|JIA, ZHEN - Fujian Agricultural & Forestry University|
|WEI, ZHAOYI - Fujian Agricultural & Forestry University|
|YAO, YUKUN - Fujian Agricultural & Forestry University|
|FANG, TING - Fujian Agricultural & Forestry University|
|LI, CHANGCHENG - Fujian Agricultural & Forestry University|
Submitted to: Journal of Dairy Science
Publication Type: Peer Reviewed Journal
Publication Acceptance Date: 10/16/2020
Publication Date: 11/16/2020
Citation: Jia, Z., Huang, L., Wei, Z., Yao, Y., Fang, T., Li, C. 2020. Dynamic kinetic analysis of growth of Listeria monocytogenes in milk. Journal of Dairy Science. 104:2654-2667. https://doi.org/10.3168/jds.2020-19442.

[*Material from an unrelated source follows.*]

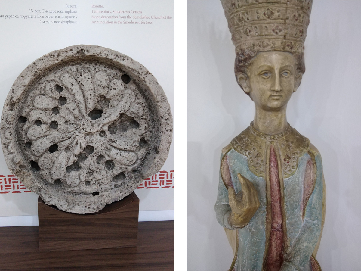 Kameni ukras rozeta iz Smederevske tvrđave iz 15.veka i figura Jerine Branković, u narodu prozvane ''Prokleta Jerina'', neki su od istaknutih predmeta koje posetioci muzeja mogu videti.

Interpretive Summary: Raw and under-processed milk may be contaminated with Listeria monocytogenes, a potentially deadly foodborne pathogen and public health hazard. This study was conducted to investigate the growth kinetics of this pathogen in milk. It developed and then subsequently validated a dynamic model to predict the growth of L. monocytogenes in milk under refrigerated and temperature abuse conditions. The results obtained from this study may be used by the food industry to evaluate the potential growth of this microorganism and conduct risk assessment to reduce and prevent the outbreaks of listeriosis.
Technical Abstract: The objective of this study is to develop a dynamic model for predicting the growth of L. monocytogenes in contaminated milk under fluctuating temperature conditions that raw milk may be exposed to prior to pasteurization. Six dynamic temperature profiles, simulating random fluctuation patterns, were designed to change arbitrarily between 4 and 30ºC. The growth data of L. monocytogenes collected from three temperature profiles (A, B, and C) were used to calculate the growth kinetic parameters and construct a growth model combining the primary and secondary models using a one-step dynamic analysis method. The predictive model and the associated kinetic parameters were validated under both dynamic and isothermal temperature conditions to verify the accuracy of predictions. The results indicated that the estimated minimum growth temperature and maximum cell concentration were 0.6ºC and 7.8 log CFU/mL, with the Root Mean Square Error (RMSE) of only 0.3 log CFU/mL during model development. The validation results indicated the predictive model was accurate. The RMSE of predictions was about 0.3 log CFU/mL under fluctuating temperature profiles, while it was between 0.2 and 1.1 log CFU/mL under certain isothermal temperatures (4-30ºC). Overall, the residual errors of predictions followed Laplace distribution, with 90.2% for dynamic growth curves and 71.4% for isothermal growth curves falling within ± 0.5 log CFU/mL. The results of this study showed that the model developed in this study can be used to predict the growth of L. monocytogenes in contaminated milk.